2
votes

I am planning on implementing Solr for our clients. We have a .Net/SQL Server based product. Our DBs have grown so big and we have decided to use Solr to improve the query performance (auto complete, pick lists, grid search etc). We have massive IIS boxes (varies by clients, typical config include 16 core, 96 GB RAM etc.), but slow network. Our DBs are around 100 GB. So I am thinking about this configuration:

Hosting solr alongside IIS - since we havent really maxed out IIS, and network is slow, I want to host it in the same box.

Solr is going to be hosted with the default container (Jetty) and secured by accepting only localhost connections (from IIS). I want minimal administrative overhead for this piece.

I'm going to have a dedicated master core for pure indexing and multiple replicated slave cores (may be 10) for pure querying. All the index data can be present in SSD.

Now my questions are:

  1. How should I handle load balancing ? Does solrcloud do it automatically ? (The example I looked at (below) says "sharding" - I dont really need sharding.) Is it ok to use Alpha in production ? (we have 100 different clients and the corresponding n/w,h/w configurations out there)

  2. Should I handle commit & replication from code or let solr handle it ?

  3. When a replication happens, how do I route the requests to the other cores ? (covered as part of #1 ?)

  4. During replication, will the master core be locked out for further updates ? Should I handle this case from code ?

  5. Is it possible to pull the "last updated" data from the slave core - Ideally I would want to go with near realtime search feature, but if solrcloud is no go, then I want to show this time stamp in UI so that the users will get an idea of how up to date the data is.

http://wiki.apache.org/solr/SolrCloud/

Explicitly specify the addresses of shards you want to query, giving alternatives (delimited by |) used for load balancing and fail-over:

shards=localhost:8983/solr|localhost:8900/solr,localhost:7574/solr|localhost:7500/solr

Any help is much appreciated.

Cheers !

1

1 Answers

1
votes

I did some more research and figured out:

  1. How should I handle load balancing: SolrCloud does it automatically, just hit any node/core in the cluster and you are good to go. SolrCloud preserves the state in Zoo Keeper, so it knows where to route the request.

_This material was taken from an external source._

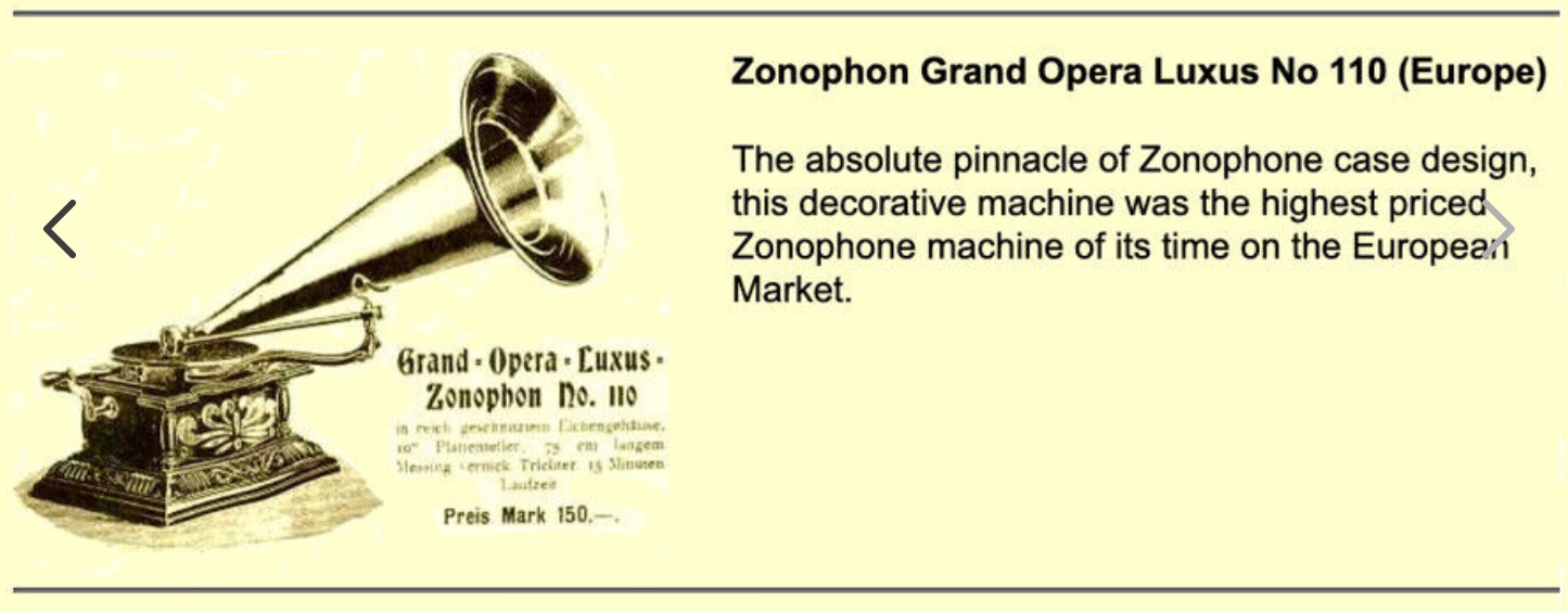yes, on the world of antique phonographs (page 76, 3-61) but it's a front mount machine with the usual zonophone horn!jamiegramo wrote: Mon Mar 04, 2024 5:25 pm Note I remember: I’m sure a similar Grand Opera Luxus 110 machine is also pictured in one of the Fabrizio Paul books.

  2. Commit: I am planning to do soft commits for 1 second and hard commits for 10 minutes through configuration. Replication: No need to worry, when new nodes/cores go online, Solrcloud automatically assigns as a shard (if not all shards online) or replica.

  3. Handled automatically (#1).

  4. N/A with solr cloud. Writes and reads can be done to any instance/core, doesnt matter.

  5. I'm going with near real time search, so not going to worry about this. Would still appreciate if someone answered it.

I'm hoping that my research will be useful to someone !